• 55°

The benefits of mixed-age playmates

BY KATE SNYDER

Community columnist

Life with a smile

Well, I finally did it. I fully embraced my 1950s mom-self and, rather than trying to text around the neighborhood to locate my children, instead stepped outside and simply shouted at the top of my lungs — “Snyder kids! Dinnnnner!!!!”— drawing out that last word for at least five seconds.

Within a few moments, I heard the cry being taken up by small voices from several houses down the street. “You have to go home! Your mom is calling!” The refrain was repeated from house to house until, within a few minutes, my younger two children came trotting into view. 

They had been happily roaming the neighborhood in a pack — riding skateboards, sword-fighting with stick, and bouncing on any backyard trampolines they happened to encounter. Within a four-house radius of our own home, there reside more than a dozen elementary and middle-school children. They frequently hang out together in a fluid, shifting mini-horde. 

I have a theory that the secret to neighborhood playgroup success is the mixed ages. The kids around us range from preschool through middle school, often with multiple ages within a family. Particularly on these mild spring evenings, they ramble around the neighborhood together and there’s a particular vibe that arises when the group is populated by a mix of older and younger kids. 

The neighborhood isn’t the only place that I’ve seen the benefits of combining ages.

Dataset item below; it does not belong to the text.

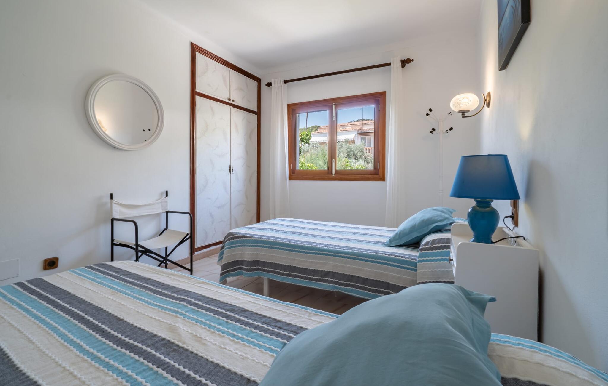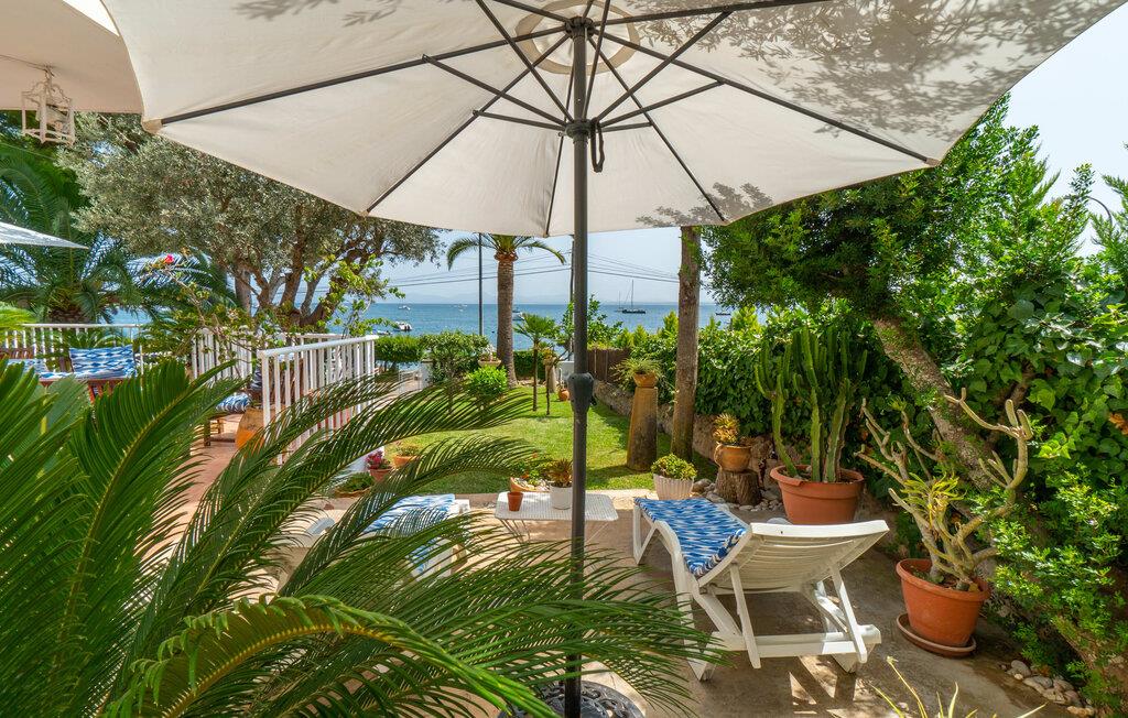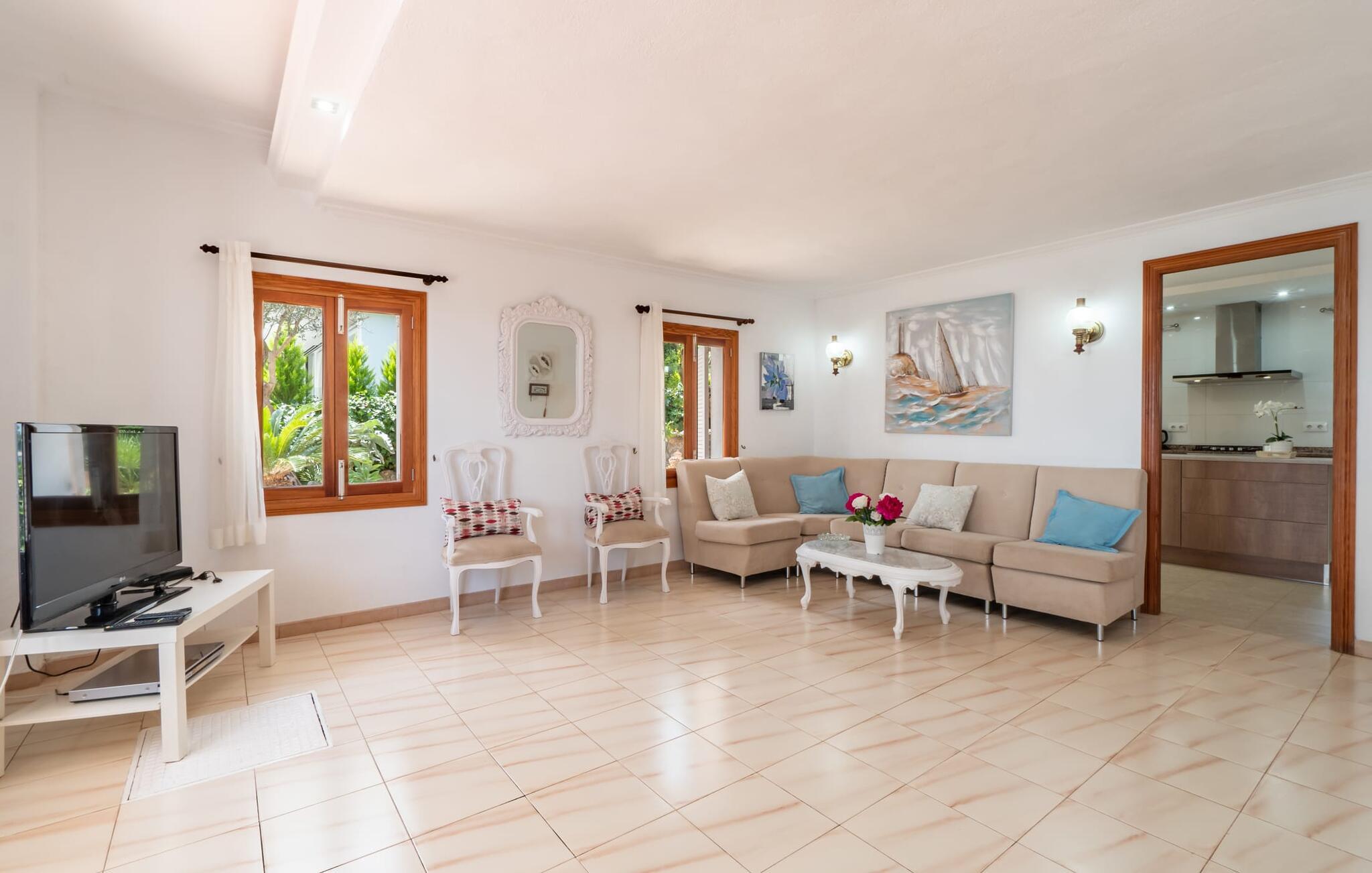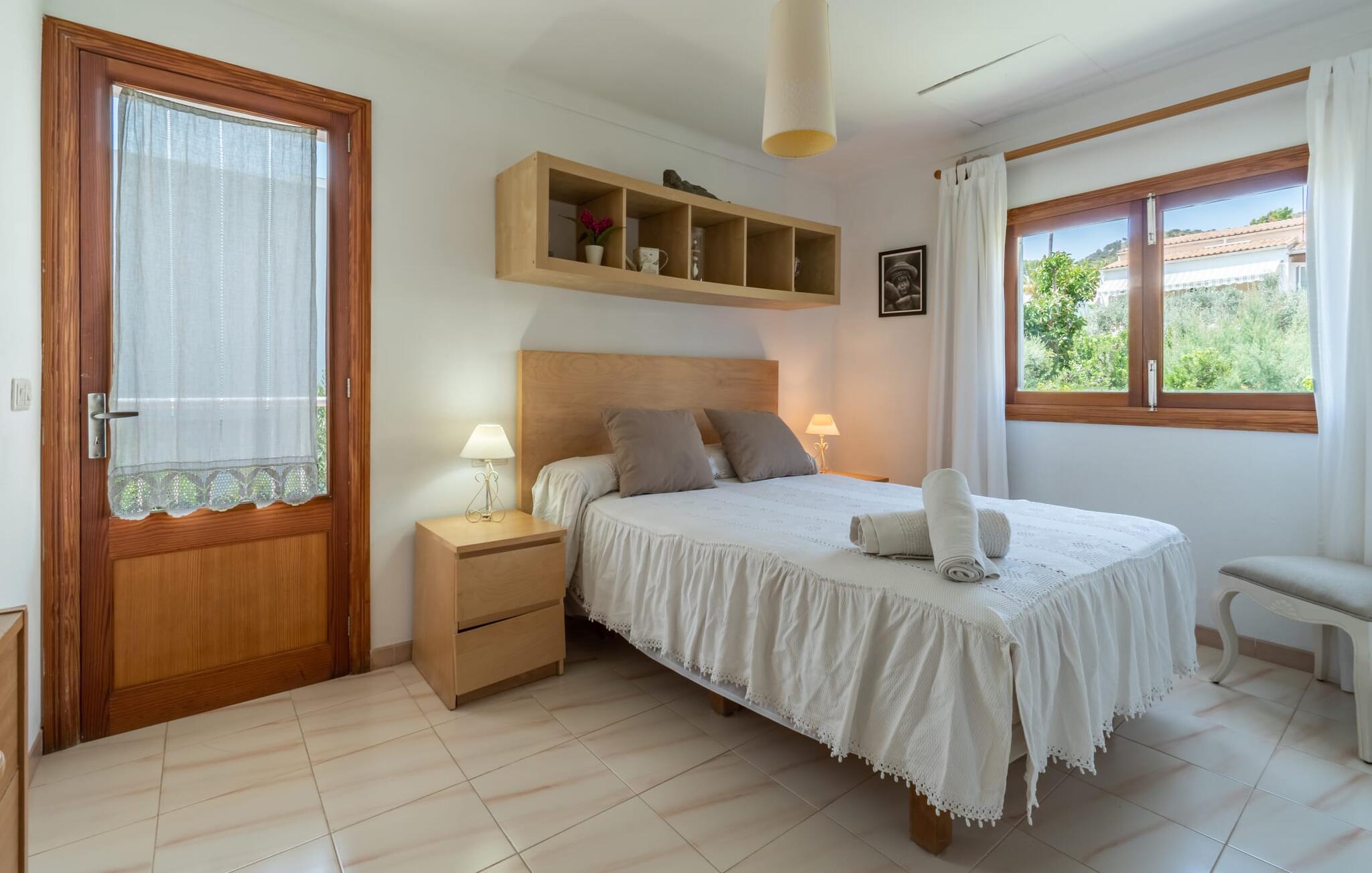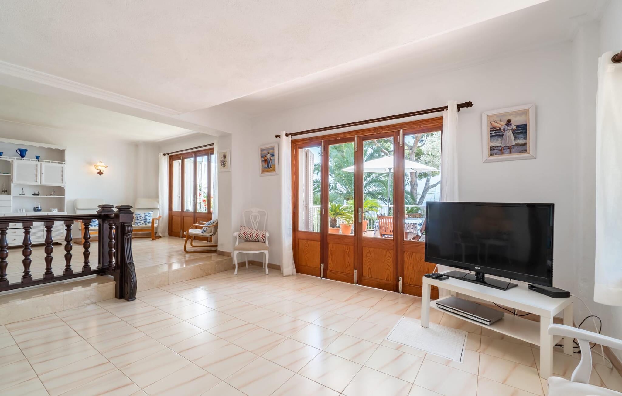 Har I et hus ved havet i tankerne? “Bell Punt står til jeres rådighed! På forskellige overdækkede eller åbne terrasser og den store altan kan I sidde her med udsigt over havet og nyde jeres morgenmad eller solide grillaftener, solbade og måske slet ikke lave noget ved havet En blid brise kærtegner jeres hud. Den kærligt anlagte have med knudrede oliventræer og høje palmer fører jer direkte til havet, mindre end 30 meter væk, hvis overflade glitrer i sollys I kan nå havet via anløbsbroen, hvor I kan dingle med benene og se drømmende ved horisonten. En rummelig stue-spisestue med forskellige hyggelige områder, visuelt adskilt af et trin og et lille rækværk, byder på mange indbydende muligheder for at blive hængende og slappe af indendørs. Lyse møbler, gulve og vægge giver behageligt lys, mens farverige dekorationer tilføjer små, effektive accenter. Køkkenet, lige ved siden af og med direkte adgang til det fri, er naturligvis fuldt udstyret og derfor ideelt til selvforplejning på ferien. Der er også et badeværelse på denne stueplan, mens de fire dobbeltværelser - nogle med kæmpe vinduer og tilsvarende betagende udsigt - og det andet badeværelse er på øverste etage, hvor den omkringliggende altan også er placeret. Dette feriehus på Mallorca er svært at slå for sin beliggenhed lige ved havet! Kun et par skridt adskiller villaen "Bell Punt" fra vandet, på hvis bølger bådene forsigtigt vugger. 600 m² jord, anlagt som en smuk have, supplerer den maritime beliggenhed atmosfærisk. Takket være sin beliggenhed på en lille gade med lidt trafik er shopping let, og flere strande som Alcananda eller Cala Ponset (400-500 m) er i nærheden.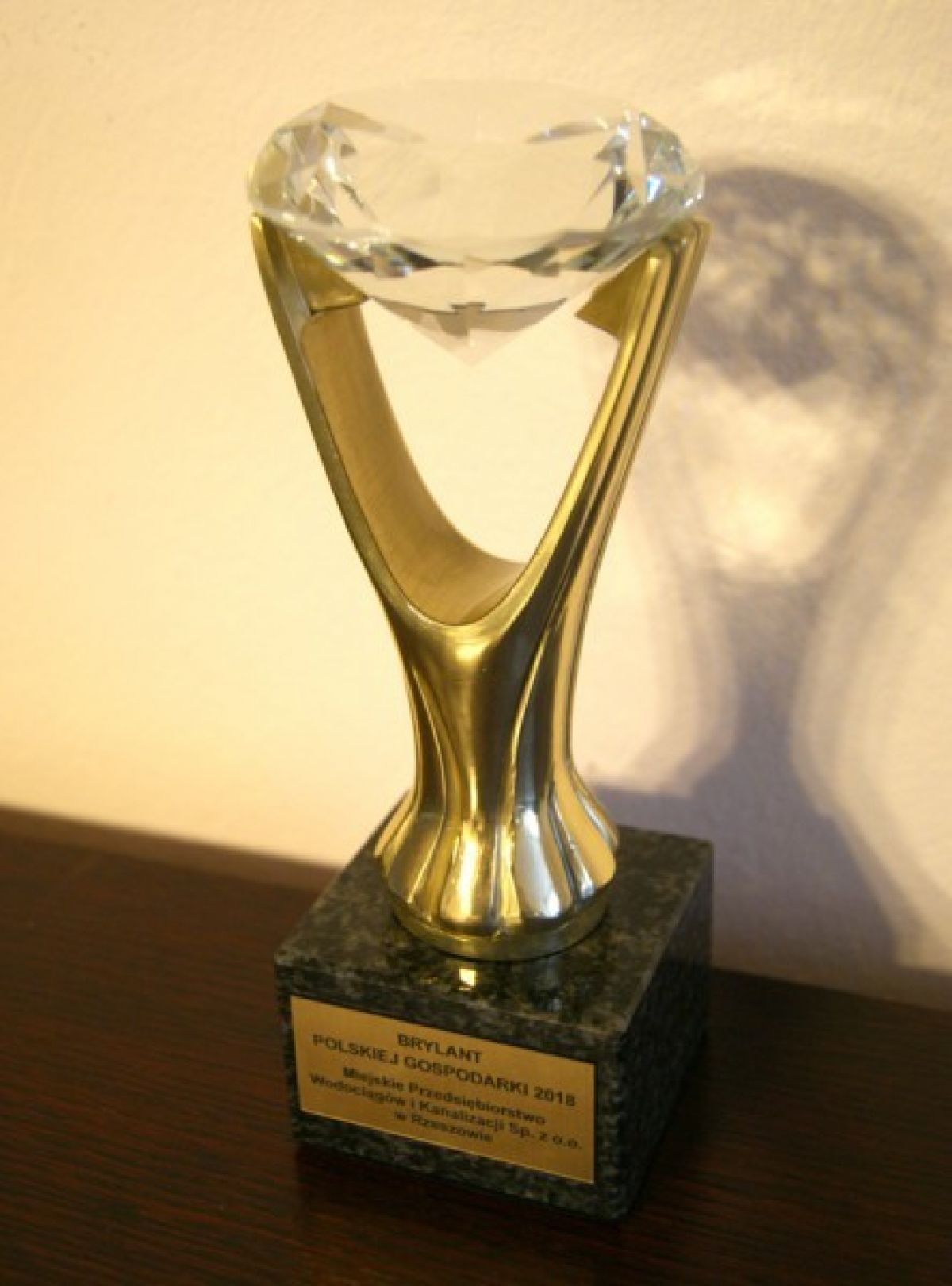 Miejskie Przedsiębiorstwo Wodociągów i Kanalizacji w Rzeszowie zdobyło tytuł Brylant Polskiej Gospodarki podczas VII Kongresu Nowoczesnej Gospodarki, który odbywał się w Warszawie 10 maja 2019 r.

My oldest daughter is wrapping up her eighth and final year at Danville Montessori School and the mixed-age classroom is one of the hallmarks of Montessori education. 

The school — which spans from 3-year-olds to fifth-graders — is divided into only three age groupings. There is “pre-primary” which encompasses two years of preschool, plus kindergarten. Next comes “lower elementary” for grades one through three, and then “upper elementary” for grades four and five. 

This arrangement of students is nothing less than magical, as older students step into the role of mentors and teachers. I’ve seen many fantastic photographs of the older and younger students working on lessons together. There’s tons of research to show that teaching a concept solidifies understanding for the student doing the teaching — and the younger students are able to get a glimpse of the mastery that they themselves can hope to achieve. 

The mixed classroom also promotes cooperation, accommodation, and tiered responsibility. While every student in the classroom is expected to help with “jobs” to keep the room running smoothly, older students are able to take on increased leadership roles and are expected to assist younger students in learning the ropes. 

I think a similar mojo arises in the neighborhood kidpack. Although they aren’t teaching formal lessons, there is a natural give and take that occurs when you’ve got a group of kids at multiple ages. Games are adapted to allow for younger kids to participate; older children take on the role of referees and peace-keepers; and someone is usually willing to give a piggyback ride when smaller legs get tired on the way back from the park. 

It’s not always blissfully communal,  don’t get me wrong. Sometimes there’s conflict and the group splinters, reforming along age lines. But to me, that’s just another benefit to having those mixed age groups. There’s always someone your own age to pair off with, when the little kids are being needy or the big kids run out of patience. 

I don’t remember having those experiences as a child. Virtually all of my friends were in the same grade in school and many of my friends were from small families — only children like me or maybe with a single older or younger sibling. My neighborhood, while cozy and safe, wasn’t populated with other young families. Now, as an adult, my friends span decades and it’s wonderful to connect with people with such varied life experience. 

I’m happy my kids are getting those benefits earlier in their own lives.